Мадьяр недоуменно прищурился, но потом молча кивнул. Он беспрестанно ворочал языком во рту, не размыкая губ. Из-за плеча хозяина показалась потная физиономия его жены. Она была в одной рубашке, широкие бордовые бретельки местами потемнели от пота. В одной руке женщина сжимала деревянный половник, другой поддерживала ухватившегося за ее шею замурзанного малыша. У женщины – жгучей брюнетки – вид был сумрачный, недобрый. Должно быть, он показался этим людям подозрительным. У Грэка пропало всякое желание кататься на качелях, но в этот момент мадьяр управился наконец со своим неподатливым языком и произнес:
– Извольте. И охота вам, в такую жару? – Он спустился по приставной лесенке и пошел к качелям. Грэк, пропустив его вперед, последовал за ним. От фургона до качелей было рукой подать.
– Сколько с меня? – смущенно спросил обер-лейтенант. «Решили, верно, что я рехнулся», – подумал он. Пот, ливший с него ручьями, и впрямь мог свести с ума. Грэк утер лицо рукавом и по деревянным ступеням взошел на подмостки качелей. Мадьяр отпустил тормозной рычаг, и лодка медленно закачалась из стороны в сторону.
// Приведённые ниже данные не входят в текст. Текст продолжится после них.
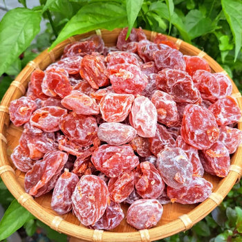 Salted Seedless Red Plum Xi Muoi Do Khong Hat is a savory and tangy snack made from seedless red plums that have been preserved with salt....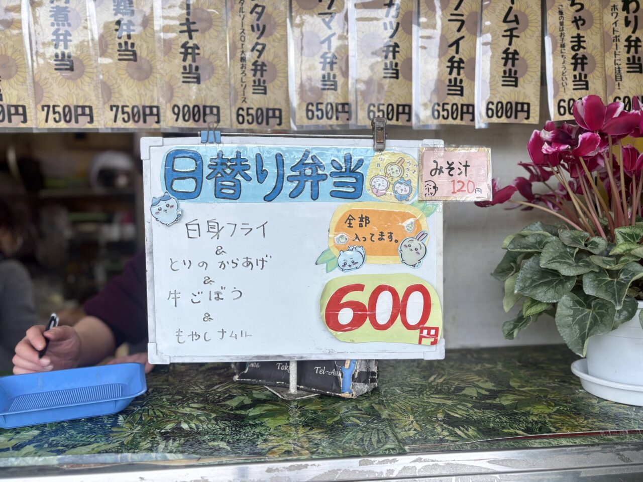 お店の方に伺ったところ、数あるお弁当メニューの中でも人気なのはメンチカツと唐揚げがはいったメンカラ弁当(650円)だそう。その他、日替わり弁当(600円)も人気とのこと。

– Только не раскачивайтесь слишком высоко, – сказал мадьяр. – Иначе мне отойти нельзя – смотреть надо. Такое правило. – Грэк передернулся – акцент мадьяра резал ему ухо, он выговаривал немецкие слова мягко, в то же время тягуче и пренебрежительно цедя их сквозь зубы. Казалось, что он говорит на каком-то странном языке, карикатурно похожем на немецкий.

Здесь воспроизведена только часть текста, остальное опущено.